Adam Piggott

Gentleman adventurer

No, you can’t write a book.

Everyone’s default position to a newly published writer is that their writing will suck. If someone I know tells me they’ve published a book, I too will assume that it sucks big fat donkey balls. The reason for this is that you can fake being able to write a book, (you can fake art too but that is a subject for another time).

You can’t fake being a musician. If you pick up a guitar for the first time, you will suck. Roughly speaking it requires about 10,000 hours of solid work to become proficient on your first instrument. Thus it holds true that becoming a skilled writer will also require at least 10,000 hours.

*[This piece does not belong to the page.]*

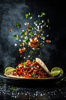 Te midden van drijvende kruiden en verse ingrediënten ontvouwt zich een levendige symfonie van smaken. De kruidigheid en kleuren van het gerecht trekken ieders aandacht en beloven culinaire avonturen. Dit kunstwerk is perfect voor in de keuken en vult de ruimte met een uitnodigende en smaakvolle sfeer.

But herein lies the problem. While nobody can fake playing a guitar, (except for boy bands and buskers), plenty of people can fake writing a book. After all, it’s just words on a page. Anybody can do that. It’s so easy! So they write their book and pass it around to family and friends and there is the inevitable groan from everybody forced to read the pile of turgid sludge masquerading as the next great novel.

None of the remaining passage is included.